New Results In Carotid Artery Stenosis Versus Endarterectomy
Analysis suggests stenting may be as good or better than other modes of treatment
Doctors have long known that patients with carotid artery stenosis, narrowed blood vessels in the neck, are at significant risk for a stroke. The condition has severe implications. Annually, in the United States, 795,000 patients have strokes that often result in long-term disability or death. For years, however, researchers in North America and Europe have tried to determine the most effective method to treat narrowed or partially blocked carotid vessels. In the December issue of Mayo Clinic Proceedings, (http://www.mayoclinicproceedings.com ) an interdisciplinary team of Mayo Clinic (http://www.mayoclinic.org) physicians reviewed the most current data available, especially the results of two recent, widely anticipated randomized studies, and provided a new analysis of the two major interventions for carotid occlusive disease.
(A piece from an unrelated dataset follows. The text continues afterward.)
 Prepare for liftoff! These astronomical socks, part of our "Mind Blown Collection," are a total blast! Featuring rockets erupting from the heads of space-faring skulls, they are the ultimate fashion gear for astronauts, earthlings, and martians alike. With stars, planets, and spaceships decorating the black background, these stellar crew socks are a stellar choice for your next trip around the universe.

In the review, the authors address a long-standing controversy as they point out that stenting, the decade-old procedure in which a tiny mesh scaffold is implanted to widen the vessel, can perform as well as endarterectomy, which is surgery to remove the blockage in the carotid vessels. “The medical literature up until now has largely come down against carotid stenting as an effective treatment, but the latest randomized studies suggest that for some populations and under some conditions, stenting may be as good as, if not better than, other modes of treatment,” says lead author William Perkins, M.D.,(http://www.mayoclinic.org/bio/10345973.html) from the Mayo Clinic Department of Anesthesiology.(http://www.mayoclinic.org/anesthesiology-rst/)
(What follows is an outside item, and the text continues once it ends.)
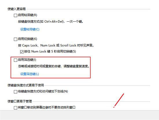4、取消勾选“筛选键”前复选框,点击“确定”即完成设置。

One significant factor affecting outcomes is the age of the patient. According to the Carotid Revascularization Endarterectomy vs Stenting Trial (CREST) conducted at medical centers in the U.S. and Canada, and the International Carotid Stenting Study, (http://www.cavatas.com/) stenting proved to be an effective treatment for patients younger than 70 who have symptoms related to the carotid occlusive disease.
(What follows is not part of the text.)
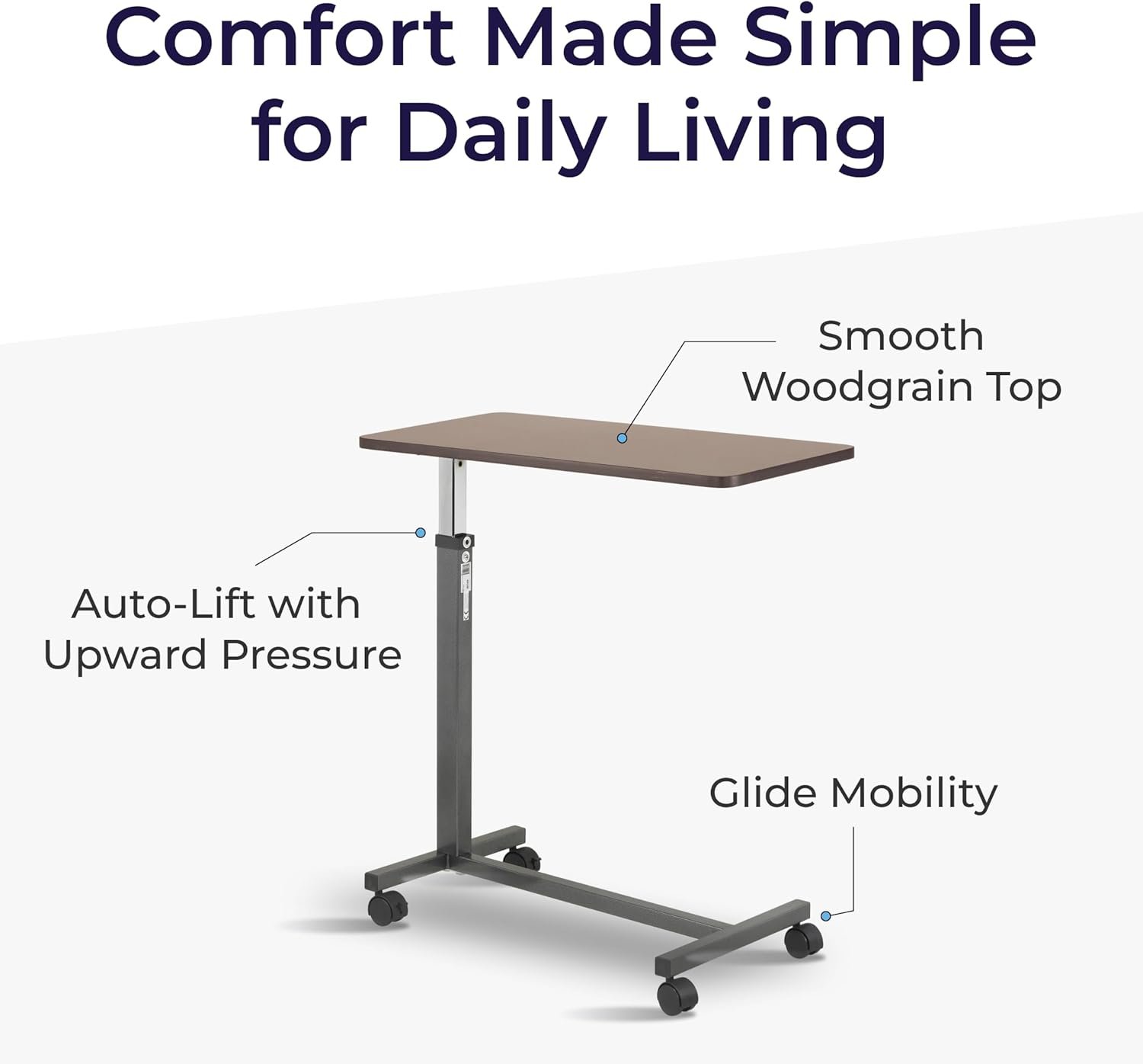 - Height Adjustable Mechanism: Quickly adapts between 28 and 45 inches, supporting both beds and wheelchairs for seamless bedside use.

For patients older than 70 who have severe stenosis, however, surgery provided a better option reducing stroke, although surgery offered no benefit over stenting when researchers added the risk of a subsequent heart attack. “There’s a significant age effect that was borne out by both studies,” Dr. Perkins says.
While neither of the studies were designed to examine the effect of experience it is likely that as with all other skills, experience matters. “Carotid artery stenting is relatively new and still evolving and there are fewer mentors with the depth of experience there is for carotid surgery,” Dr. Perkins says. “At centers of excellence where stenting is done frequently, patients may have better outcomes than at places where it’s not often performed.”
The authors hope the review will help clinicians and patients make informed choices about which treatment is most appropriate to address each case of carotid occlusive disease. They hope the analysis also will encourage doctors to refer patients to medical centers with extensive experience performing the procedures. “I think these studies offer the best data so far indicating that stenting and surgery are both viable interventions and that there are patient populations that will benefit more from one treatment or the other,” Dr. Perkins says.